SC090008 - Improving Probabilistic Flood Risk Modelling Through Improved Model Validation and Reuse of Existing Models

Theme:Modelling and Risk
Project status:Completed
Start date:18/05/2009
End date:26/10/2012
  • Flood Defence
  • Halcrow Water,
  • JBA


A project by the Environment Agency looked at ways to improve our confidence in the use of probabilistic flood modelling as part of risk assessments to help manage flood risk.

Probabilistic models provide a better estimate of risk by considering uncertainty and hence give an estimate of confidence helping users to make more informed decisions.  However, challenges remain, such as how to best validate probabilistic results (e.g. whether there is a two per cent chance of being flooded) and how to best use more detailed models in a probabilistic manner.

Our work produced new evidence and prototype methods which improved our knowledge and understanding by:
• Developing and testing a new approach to validate probabilistic flood model results (Work Package 1).
• Trialling methods to conduct locally applicable probabilistic flood risk assessments (Work Package 2).

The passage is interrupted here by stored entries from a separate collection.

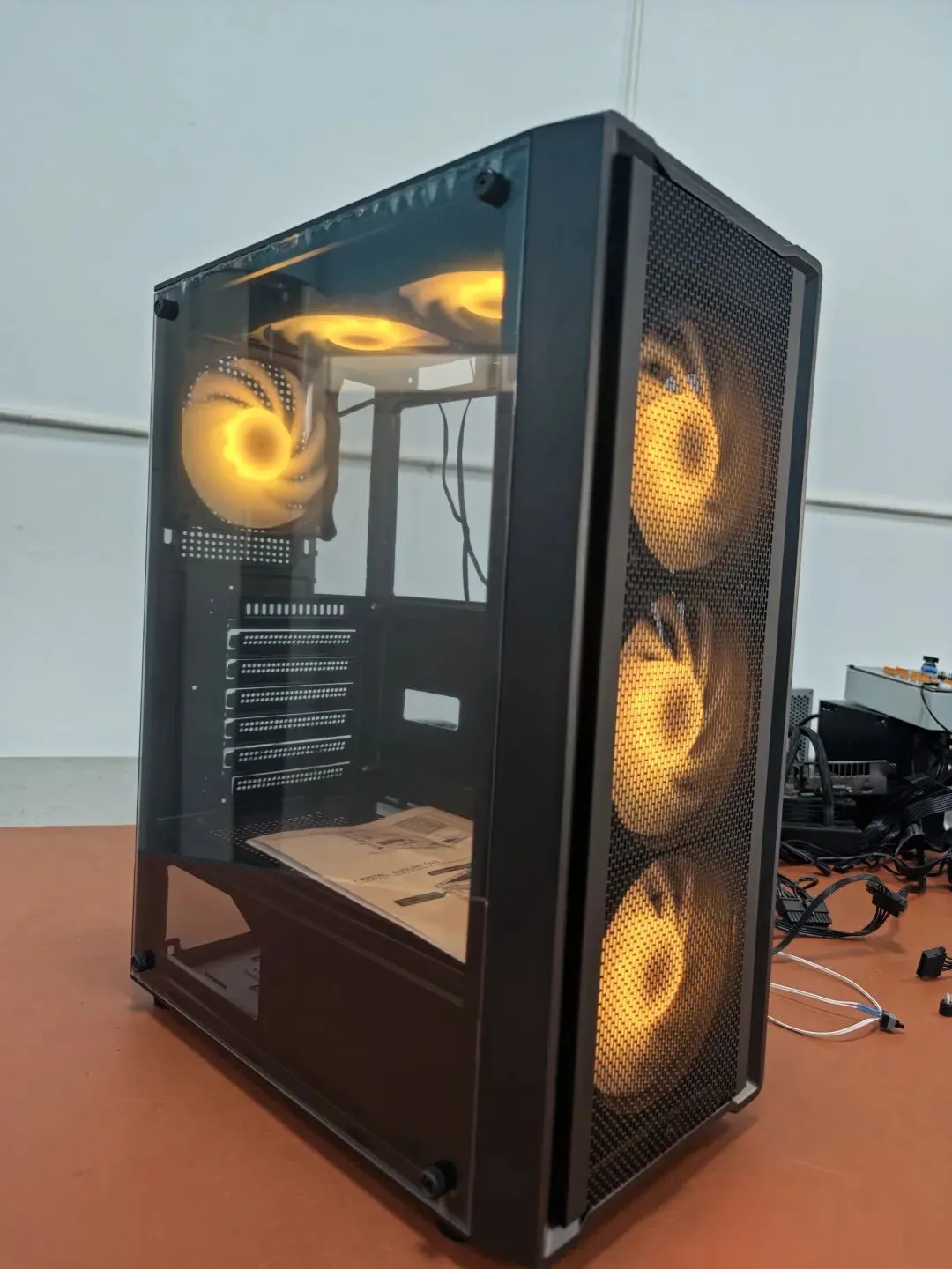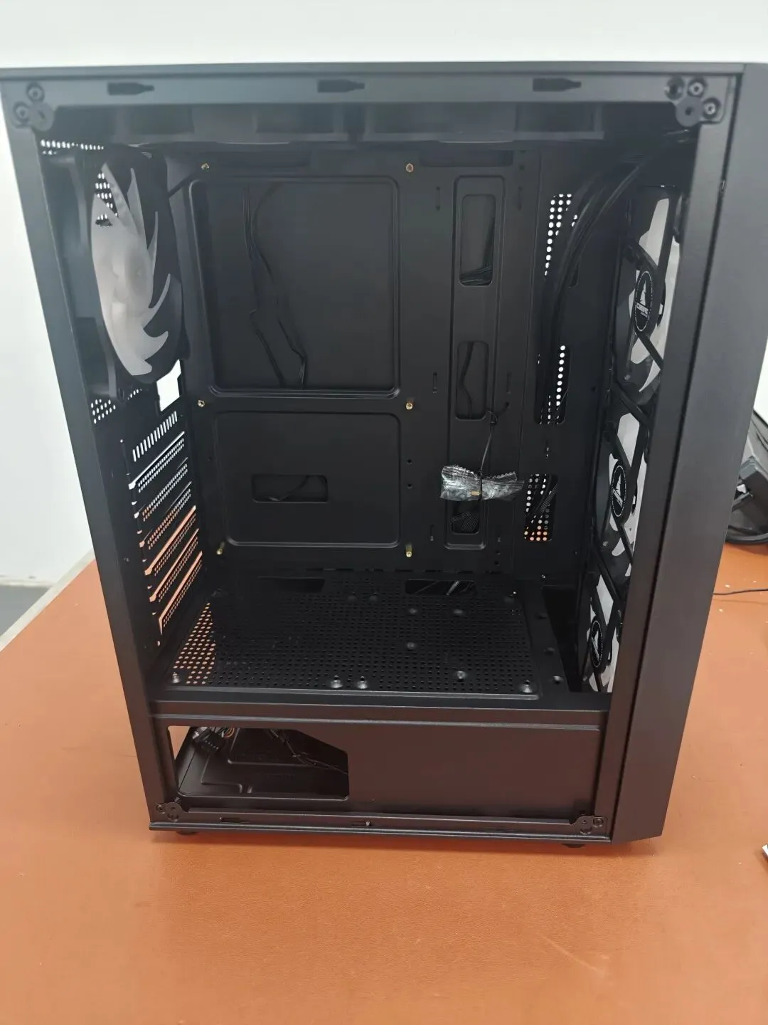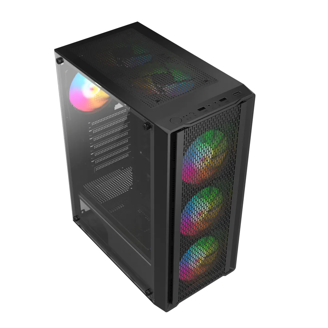 1. mesh front panel,Significant heat dissipation effect.2. Left Side Panel matches with 4 handscrews, easy to operate, Glass panel, Excellent Visibility; you can see the hardware inside.Right Side Metal with Cooling Hole, Superior Cooling Performance, Optimized Airflow, Durable and Reliable ThicknessOur gaming case features multiple top-panel USB ports (including USB1.0 and USB3.0), which offers great convenience for gamers:Easy access to USB drives, external SSDs, and capture cards for game recording/streaming. Most importantly, if you need TYPE C, We also can make it!Front support 3*12cm cooling fan,Superior Cooling Performance,Optimized Airflow,creating a powerful positive air pressure exhaust, efficiently dissipating heat from your CPU, GPU, and other core components, ensuring stable performance even during intense gaming or 3D rendering, preventing thermal throttling.Top suport 2*12cm cooling fan alsoRear:also support1*12cm cooling holeSupport ATX MotherboardAmple Cable Management SpaceEven first-time builders can achieve a professional, clean build in minutes.1. 4 Rubber Feet:Enhanced Stability & Anti-Slip,Lifts the case slightly off the desk to create a clear gap for bottom intake, improving overall airflow and cooling efficiency.2. Bottom Dust Filter:Blocks dust, hair, and debris from entering the case through the bottom vents, reducing buildup on critical components (CPU, GPU, fans) and extending their lifespan。The removable design allows for quick cleaning。Thanks for your interesting in this model, and if have any questions and worries, please feel free to contact me.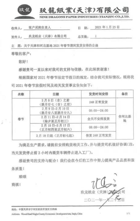 尊敬的客戶: 您好!為了便于貴司及早安排原紙采購計劃,現將我司2021年春節假期前后的發貨安排函知如下: 1、2月10日(臘月二十九):安排2個班發貨(8:00-24:00),其余時間段不安排發貨; 2、2月11日(除夕)至2月14日(正月初三):共計4天暫停供貨(含自提); 3、2月15日(正月初四)至2月17日(正月初六):安排2個班發貨(每天8:00-24:00),其余時間段不安排發貨。 4、從2月18日(正月初七)起恢復正常24小時發貨。 2、玖龍天津、河北基地:假期暫停供貨4天,正月初七起恢復24小時發貨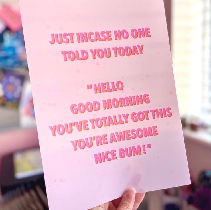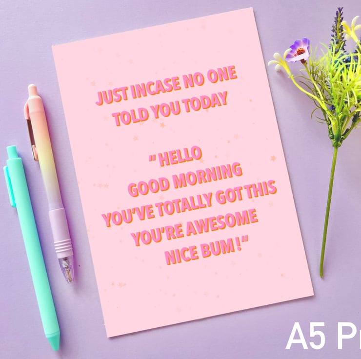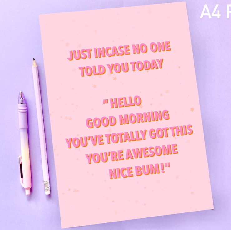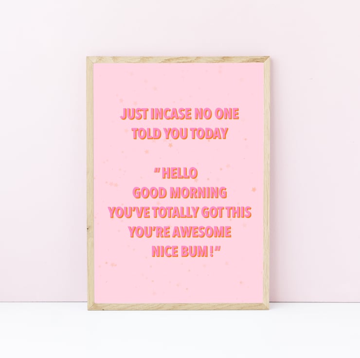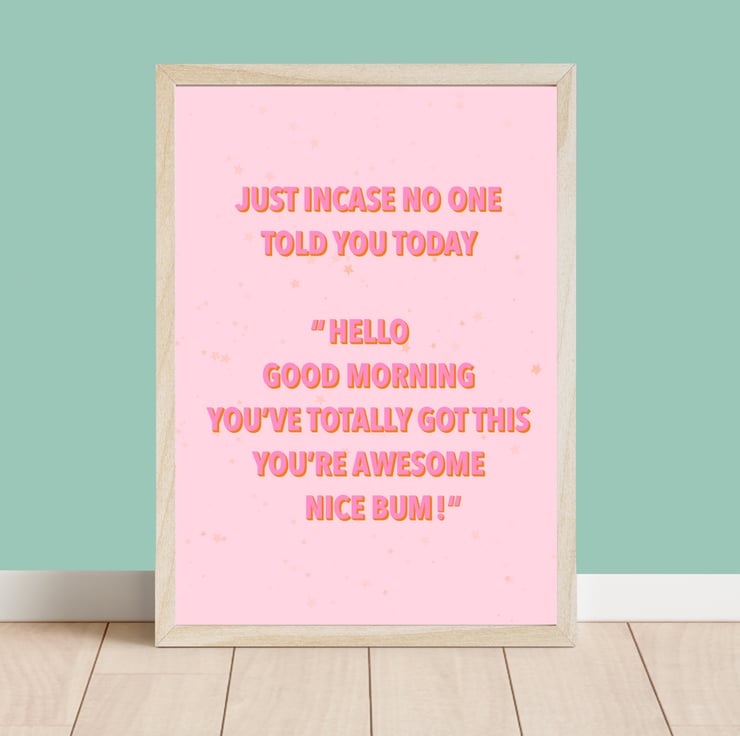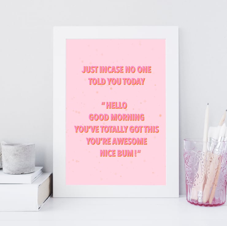 Add some positivity to your office or home space with this funny, but positive nice bum print.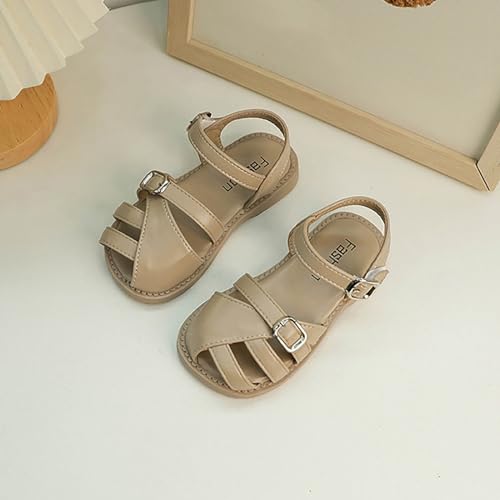 Girls Solid Color Roman 𝐆ladiator Strappy Sandals Buckle Sandal Big Kids Wrapped Head gentle Rubber Low Heels Flat

The main findings from Work Package 1 are:
• There are benefits in focussing on the intended uses, and hence desired accuracy of the results, when validating probabilistic model results. It can help foster confidence in the use of these types of models.
• Overall uncertainty (stemming from data and methods)  in the modelling process needs to be considered to determine the overall confidence users can have in probabilistic outputs.
• There is an opportunity to place the use of probabilistic results in the light of current and likely future model capabilities.

Work Package 2 trialled approaches using detailed hydraulic flood models to support more locally applicable probabilistic flood risk assessments.

The main findings from this work package are:
• Using existing detailed models in a probabilistic context is possible in principle.
• Currently it involves trade-offs between the accuracy of the models and the number of scenarios needed to capture uncertainties around predictions, such as the performance of flood defences.
• Industry opinion is varied over whether automated or more manual, expert-led approaches are best for determining the most important scenarios for this type of analysis.
• As a first step, detailed model results can be used in a probabilistic manner for locations where no formal flood defences are present. A variety of tools are available to do this (IMPROB, MAST, MDSF2 in principle).
• Further development work will be necessary to enable the operational use of more detailed models in a probabilistic framework.

This summary relates to information from project SC090008. A separate summary, SS2, describes in more detail the validation framework for probability flood models.